As some of you might remember, late last year I submitted an open records request to the County asking for information about how the County arrived at selecting the board members they nominated for the reconstituted Children’s Hospital. In my article, “The Nominating Process for El Paso Children’s Board Appointments” I shared with you the process by which Ronald Acton, Miguel Fernandez, Patrick Gordon and Ted Houghton were appointed to the board.

In my article I discussed the results of the 138 pages I received from the county pursuant to my open records request. In addition to the documents that the county released to me, they also wrote to me that they were withholding some of the documents as attorney-client work product. The County asked the Texas Attorney General if they could withhold the documents from me. I have no idea what the documents that they withheld contain.

A few days ago I received a copy of a letter from the Texas Attorney General’s office. The attorney general agreed with the County that the documents they are withholding from me are attorney-client privileged. Not knowing what the documents contain it is difficult to opine on the ruling.

However, there are a few items that are important to remember.

The El Paso Children’s Hospital is a burden on the taxpayers of the community. As such, it is important to understand who is appointed to the board because it is they who make the decisions that result in the burden to the taxpayers. Those who have followed my blog know that I have concerns over three of the four County appointees.

Obviously, the most concerning appointee is Miguel Fernandez. As you might remember, he is currently under indictment for a serious driving while intoxicated charge. In addition, there are some questions about his business activities in Mexico and with the City of El Paso.
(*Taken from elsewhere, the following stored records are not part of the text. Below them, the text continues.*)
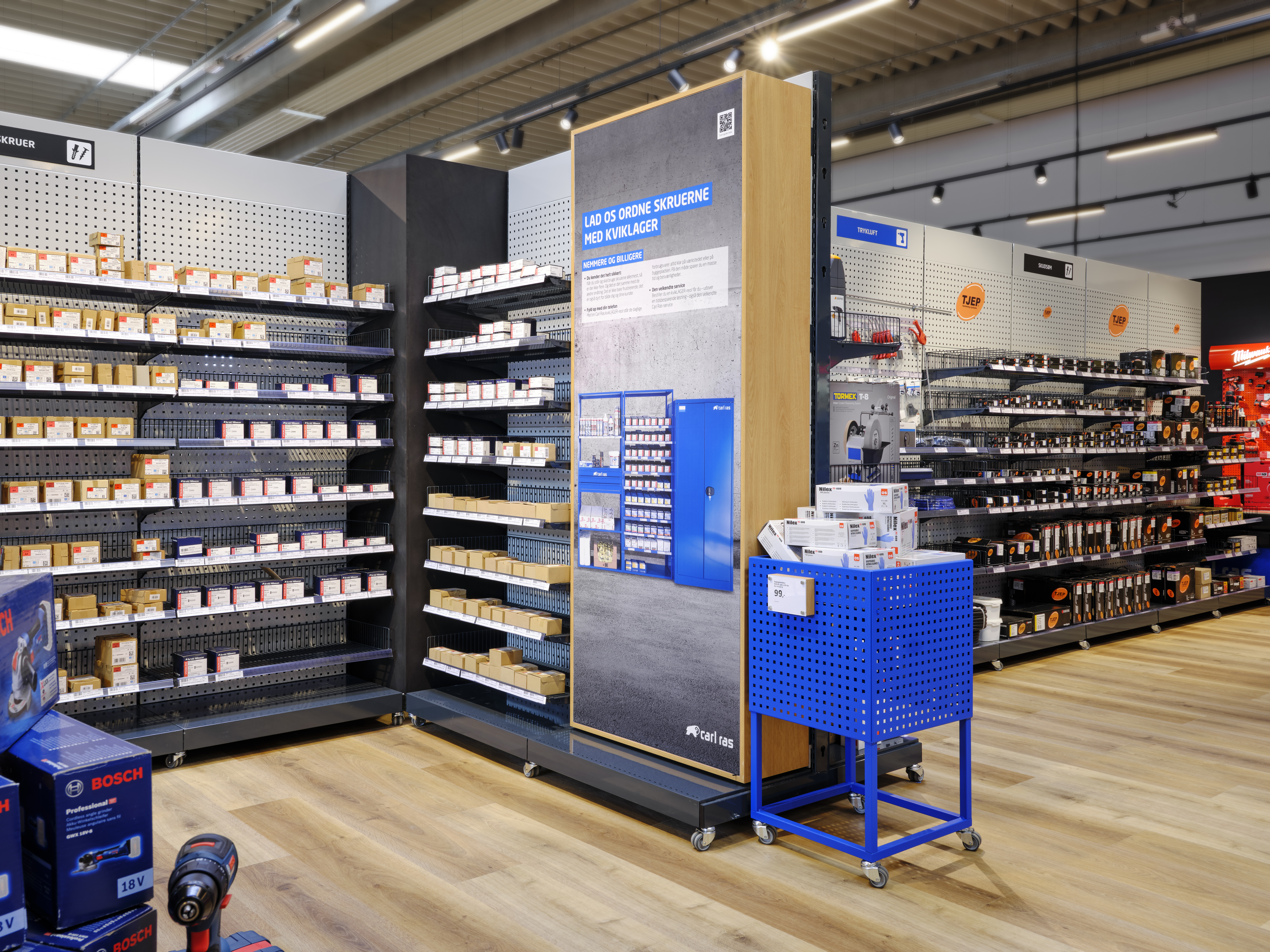 ”Målet med den nye butiksindretning er at give håndværkerne en bedre kundeoplevelse, når de handler hos os, så de kan blive inspireret og hjulpet hurtigere på vej i deres travle hverdag. Den nye indretning skal sikre, at butikken er overskuelig og nem for dem at finde rundt i. Uanset, om de har brug for rådgivning, eller hvis de ved præcis, hvad de skal have, men blot ønsker at finde varerne hurtigst muligt,” fortæller Retail Marketing Manager i Carl Ras, Thomas Stubbe Teglbjærg, og tilføjer, at butikken for eksempel er opdelt i otte forskellige produktkategorier og med bedre skiltning.
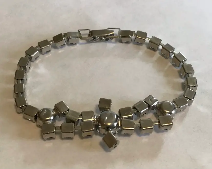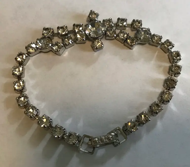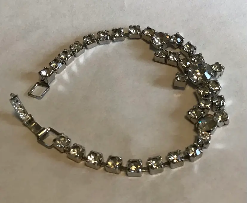 Prong set clear stones, 6-3/4” fold over clasp, cup link. #687
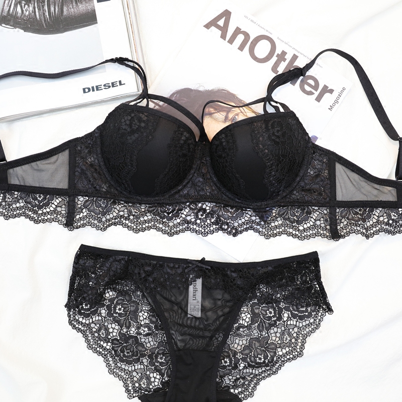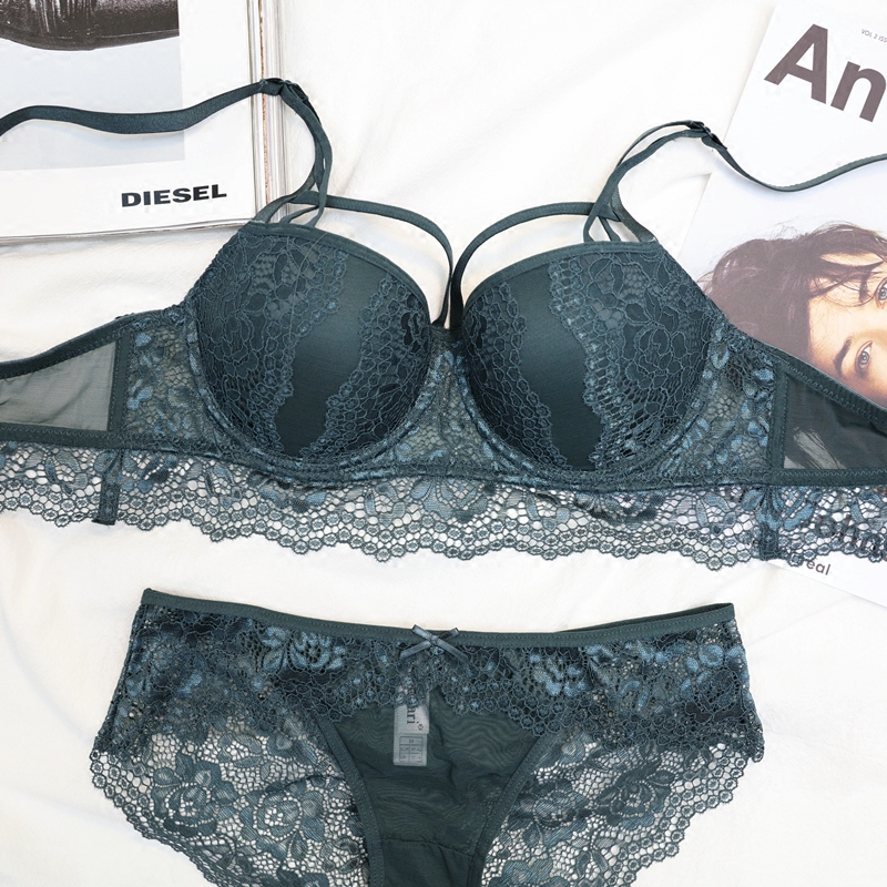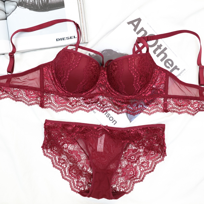 New girl's bra small breasts in Europe and America Adjusted Red Underwear Mid Thick Sexy Lace Little Cute Suit
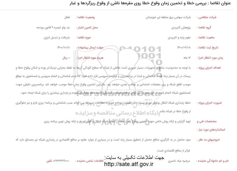 علاقهمندان میتوانند جهت دریافت اسناد و اطلاعات تکمیلی، فراخوان بررسی خطا و تخمین زمان وقوع خطا روی مقره ها ناشی از وقوع ریزگردها و غبار با سامانه مناقصات و مزایدات ایران پارسنماد داده ها 88349670 تماس حاصل نمایند.
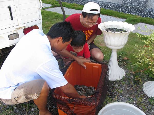 第一個捕蝦網撈上岸後,聽到陣陣歡呼聲
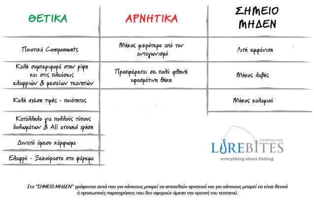 Όλα τα compoments του καλαμιού είναι άριστης ποιότητας και στο θέμα της εργονομίας, το μόνο που δίχασε λίγο ήταν το μήκος της λαβής που η αλήθεια είναι ότι θα πρόσφερε μεγαλύτερη άνεση στα τινάγματα αν ήταν ελάχιστα μικρότερο. Όμως σε ένα all around καλάμι, όπως αυτό, το θέμα της λαβής είναι υποκειμενικό και η αλήθεια είναι ότι το καλάμι είναι πολύ καλά ζυγισμένο οπότε μετά από μερικά ψαρέματα η λαβή γίνεται... ένα με το χέρι μας! Στο θέμα της εμφάνισης, αυτό που μπορούμε να πούμε είναι ότι επαφίεται στην αισθητική του καθενός οπότε είναι δικαιολογημένη κάθε άποψη. Προσωπικά, μου αρέσει το καλάμι να ξεχωρίζει με την custom εμφάνιση του, γι αυτό και του έβαλα σχετικά υψηλή βαθμολογία. Η σχέση τιμής-ποιότητας του καλαμιού πιστεύω ότι είναι πολύ τίμια -αν αναλογιστεί κανείς και την ειδική τιμή γνωριμίας των 300 ευρώ- και το μόνο που θα γίνει πολύς λόγος από εδώ και κάτω είναι το θέμα του μήκους γιατί αυτό είναι που θα επηρεάσει σε μεγαλύτερο ποσοστό την απόφαση κάποιου να το αποκτήσει.
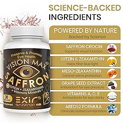 Vision Max Eye Vitamins Supplement – with Saffron, Lutein & Zeaxanthin – Nutritional Support for Eye Health, 30 Capsules
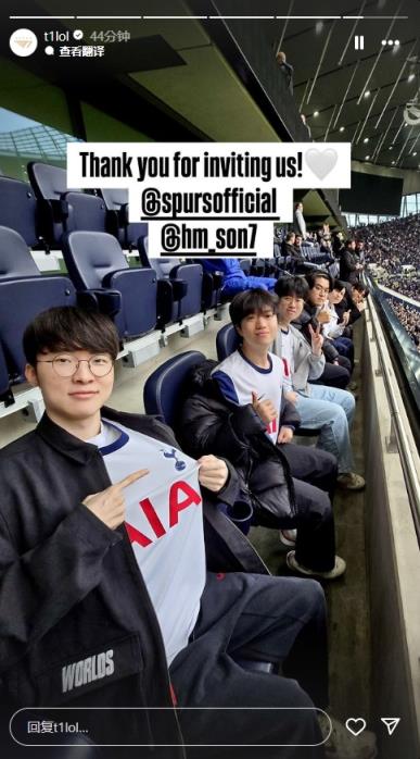 本场比赛,孙兴慜特地邀请在伦敦参加英雄联盟全球总决赛的韩国战队T1现场观战。
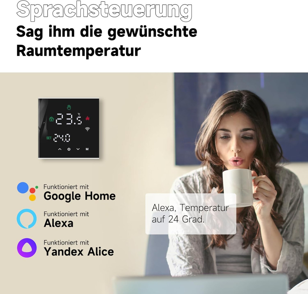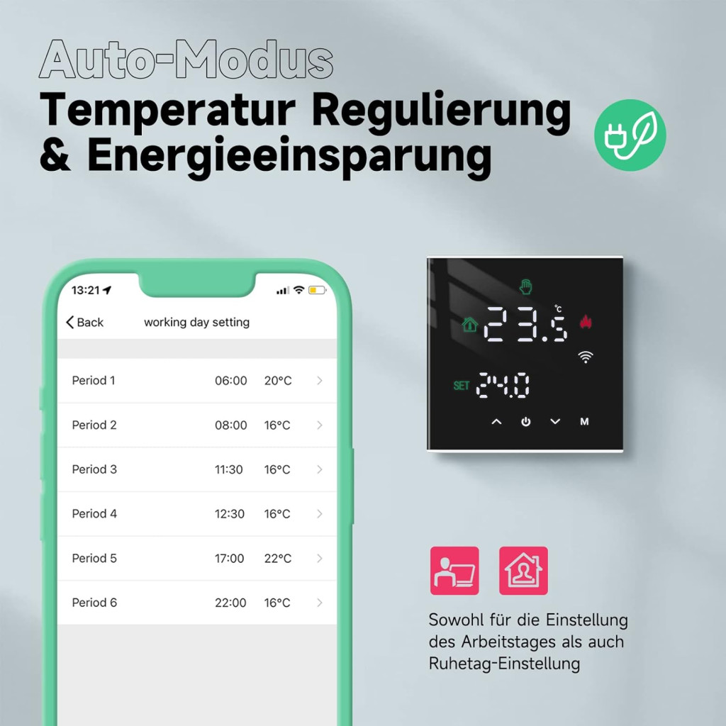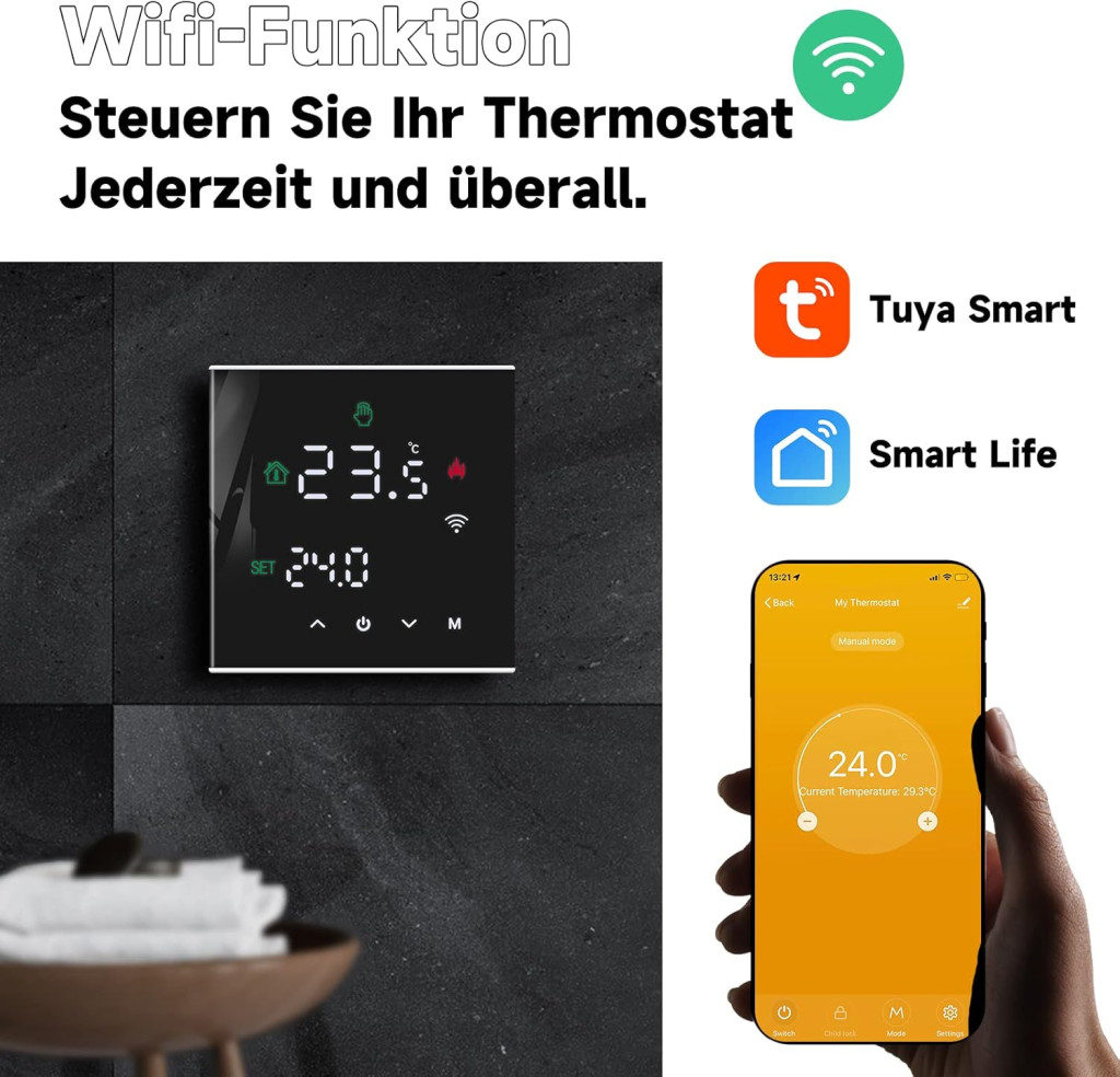 - ???? Conexiune WiFi și control prin smartphone - Controlați-vă sistemul de încălzire de oriunde prin aplicația Tuya
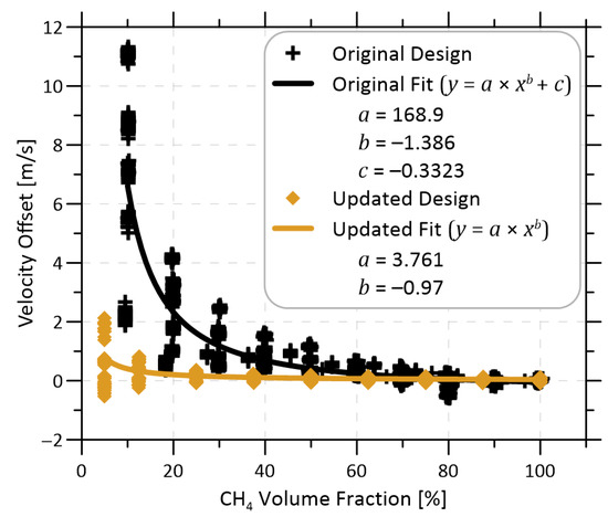 As previously mentioned, the original methane mass flow sensor required an empirical velocity offset correction that was dependent on methane volume fraction. This velocity offset placed a significant limitation on the applicability of the sensor, restricting its usefulness to specific scenarios where the methane volume fraction was not expected to vary. Importantly, no such correction was applied to the data for the updated sensor shown in Figure 8. To investigate this further, Figure 9 reproduces the original velocity offset data and derived correction function from Festa-Bianchet et al. [17], and overlays equivalent test data for the updated flow cell from the present work. While in both cases, the apparent velocity offset became undefined towards zero methane fraction as there is no longer a methane signal to detect, the present data demonstrate that the offset is negligible at methane fractions ≥ 25%. This is a significant improvement over the previous design.
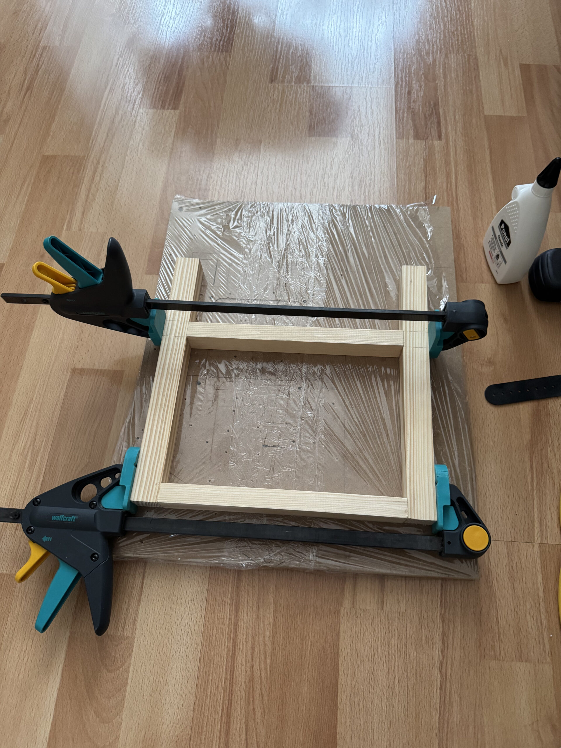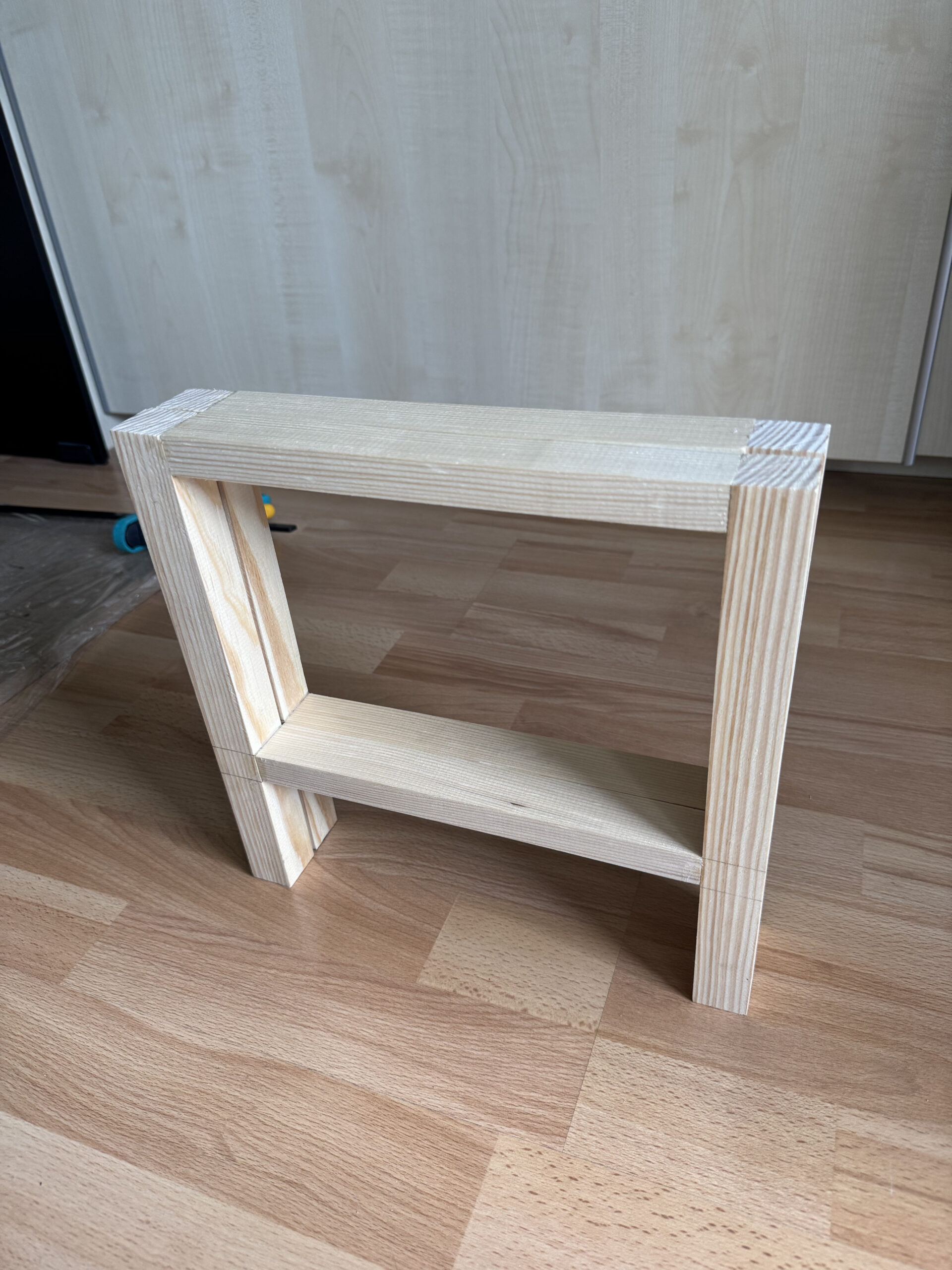Next up was the framing, for which I cut some square stock to the correct dimensions using my Japanese saw and glued it in shape on a flat piece of MDF. I used two different kinds of stock, one square for the posts and one rectangular for the support boards. Unfortunately, I could not find them in the exactly right dimensions, and, since my apartment is not equipped with a table saw, there is a little bit of an overhang on the boards. I hid this overhang on the inside of the shelf.
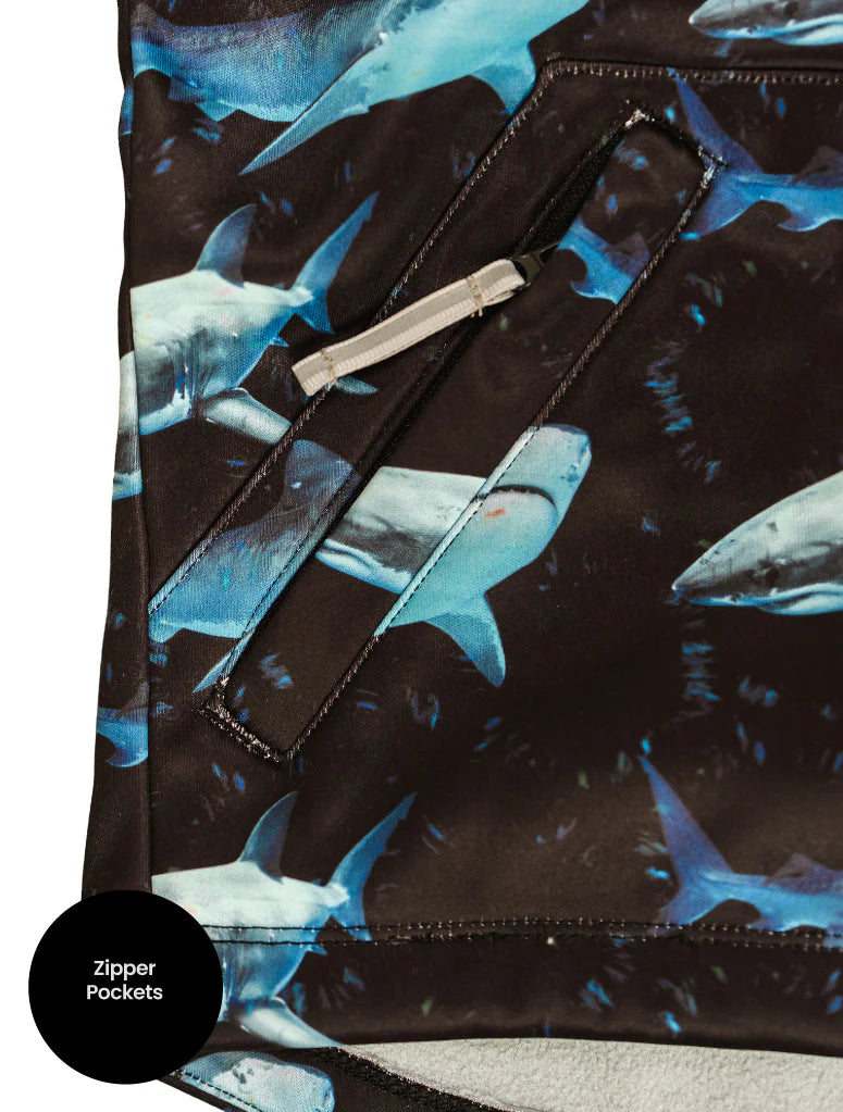 Combines the soft comfort of a hoodie with the full weather protection of a raincoat. A comfortable, casual style with a soft and stretchy feel, bonded with ultra-soft microfleece lining for warmth. Even the most stubborn child is happy to wear their ‘raincoat in disguise!’
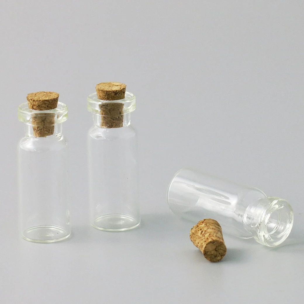 Whole sales Empty 3ml Mini Small Tiny Clear Cork Stopper Glass Bottles Vials for wedding gift 3cc Cork Vials Containers
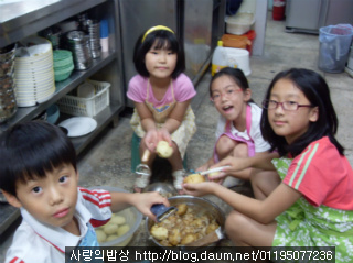 아이들이 직접 감자를 손질하네요~~
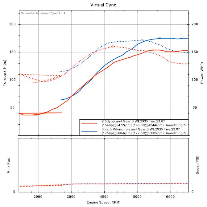 My log only goes to about 100KPA and 6500 RPM so power is around 125 HP
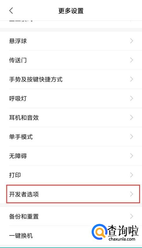 进入开发者模式后,回到“设置”主界面,点击进入“更多设置”。
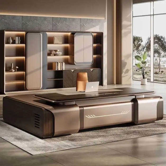 The desk features a modern style, perfect for enhancing the aesthetic of contemporary office settings.

You can read about them at this link.

Anyone that has ever endured a background check for a security clearance knows full well that one of things the security investigators look for is vulnerabilities that would allow someone to influence the decision process of the person being investigated. Fernandez’ various controversies makes him vulnerable to politically connected politicians looking to control an outcome. The obvious one is Veronica Escobar who has an obvious interest over the children’s hospital.

In addition, my review of the open records requests shows that Miguel Fernandez had a significant control over the appointment of Patrick Gordon. For all intents and purposes, Miguel Fernandez shepherded Gordon’s appointment through the process. The question is why.

The obvious answer is that Gordon would vote in step with Fernandez. That brings us to Ted Houghton.

Houghton was shepherded through the process by Veronica Escobar.

As you can clearly see, Veronica Escobar has some measure of control over at least three out of the four appointees to the reconstituted children’s hospital.

Unfortunately, it gets worse for the taxpayers of the community.

Ron Acton, the fourth County appointee, has been controversially involved with both the children’s hospital and the University Medical Center (UMC). Acton has consistently pushed for the notion that taxpayer funds need to be spent for the community’s success. Ron Acton very vocally defended Jim Valenti’s bonuses even after Valenti laid off 56 employees because of financial problems at UMC.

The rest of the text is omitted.